What you should do:
Start at the line with "HealthForce SuperFoods Scram" in the records below, stop at the line with "税友股份再度涨停,4个交易日", and return every line in that span exactly, the two end lines included.

Entries supplied:
------------------------------------
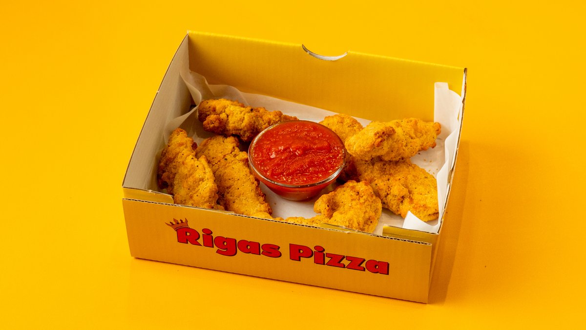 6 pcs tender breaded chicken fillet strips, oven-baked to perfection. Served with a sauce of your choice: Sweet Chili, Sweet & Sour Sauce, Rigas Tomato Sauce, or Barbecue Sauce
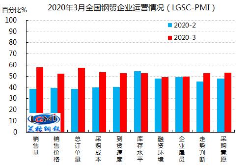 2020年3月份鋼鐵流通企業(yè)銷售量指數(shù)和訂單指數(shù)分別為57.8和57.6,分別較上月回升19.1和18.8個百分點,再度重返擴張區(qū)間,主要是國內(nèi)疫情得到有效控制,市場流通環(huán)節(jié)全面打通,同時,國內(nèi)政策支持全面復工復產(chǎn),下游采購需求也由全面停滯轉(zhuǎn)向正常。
------------------------------------
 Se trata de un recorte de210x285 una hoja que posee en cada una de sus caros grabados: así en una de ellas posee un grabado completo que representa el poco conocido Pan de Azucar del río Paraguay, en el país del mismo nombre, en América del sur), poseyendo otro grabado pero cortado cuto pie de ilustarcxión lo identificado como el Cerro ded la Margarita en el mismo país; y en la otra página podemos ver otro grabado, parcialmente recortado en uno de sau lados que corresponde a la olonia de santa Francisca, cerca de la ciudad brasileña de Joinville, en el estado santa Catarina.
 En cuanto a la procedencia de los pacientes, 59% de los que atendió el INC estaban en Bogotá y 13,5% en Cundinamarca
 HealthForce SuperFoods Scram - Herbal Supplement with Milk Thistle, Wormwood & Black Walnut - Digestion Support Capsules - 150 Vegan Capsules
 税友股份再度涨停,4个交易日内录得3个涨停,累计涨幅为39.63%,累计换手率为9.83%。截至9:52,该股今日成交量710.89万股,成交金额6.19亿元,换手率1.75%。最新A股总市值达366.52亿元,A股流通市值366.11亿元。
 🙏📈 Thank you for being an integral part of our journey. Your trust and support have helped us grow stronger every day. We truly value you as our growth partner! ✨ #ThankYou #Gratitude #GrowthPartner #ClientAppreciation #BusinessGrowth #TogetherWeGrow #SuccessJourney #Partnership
------------------------------------
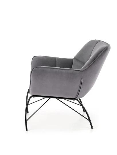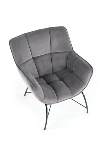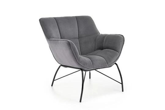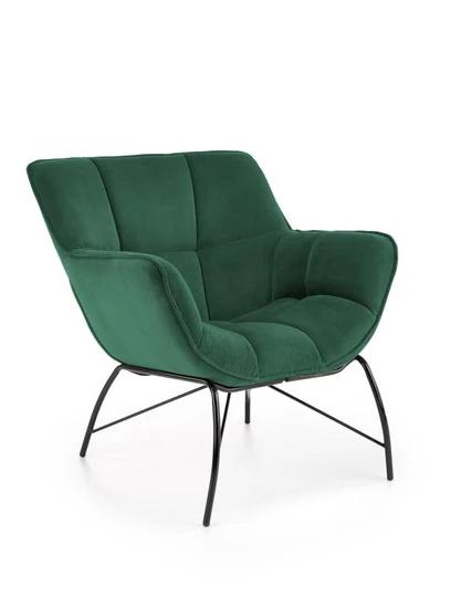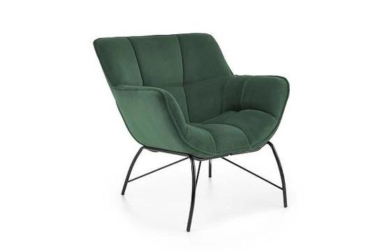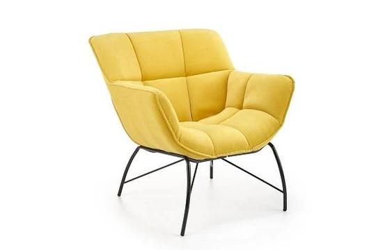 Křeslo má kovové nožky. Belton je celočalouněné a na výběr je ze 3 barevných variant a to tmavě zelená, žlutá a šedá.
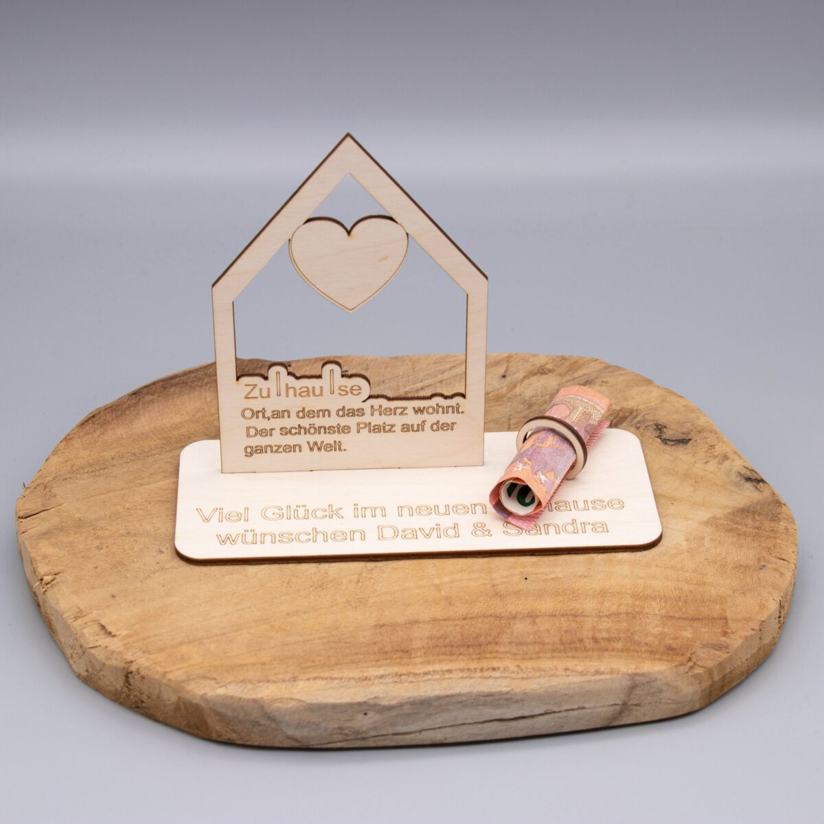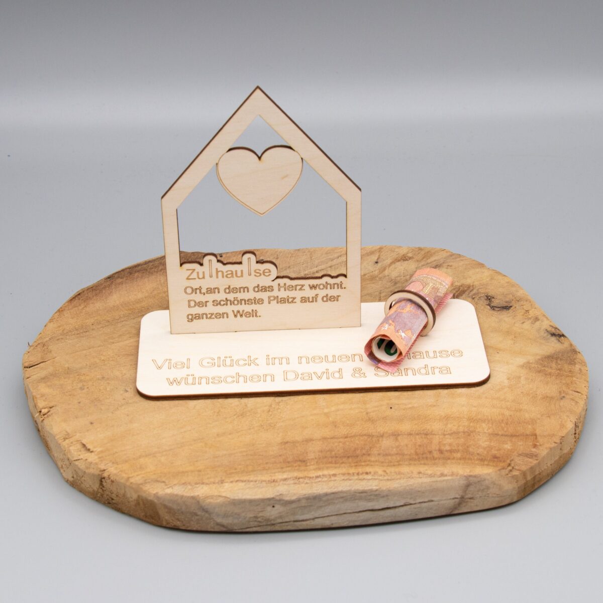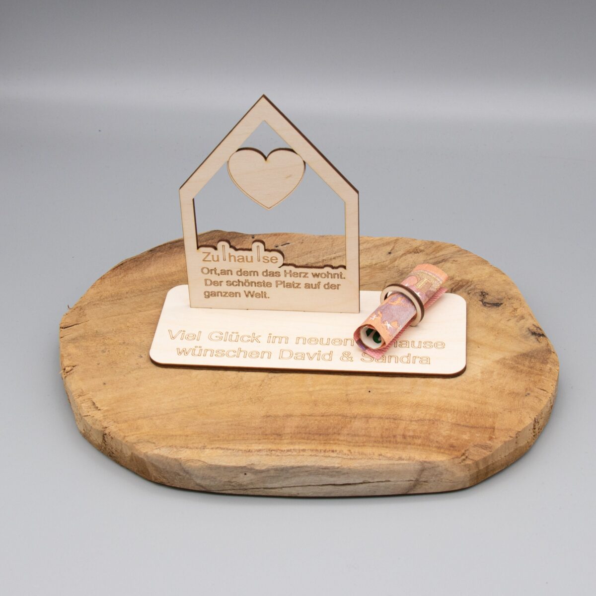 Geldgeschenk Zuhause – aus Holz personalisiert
------------------------------------
Reply:
 HealthForce SuperFoods Scram - Herbal Supplement with Milk Thistle, Wormwood & Black Walnut - Digestion Support Capsules - 150 Vegan Capsules
 税友股份再度涨停,4个交易日内录得3个涨停,累计涨幅为39.63%,累计换手率为9.83%。截至9:52,该股今日成交量710.89万股,成交金额6.19亿元,换手率1.75%。最新A股总市值达366.52亿元,A股流通市值366.11亿元。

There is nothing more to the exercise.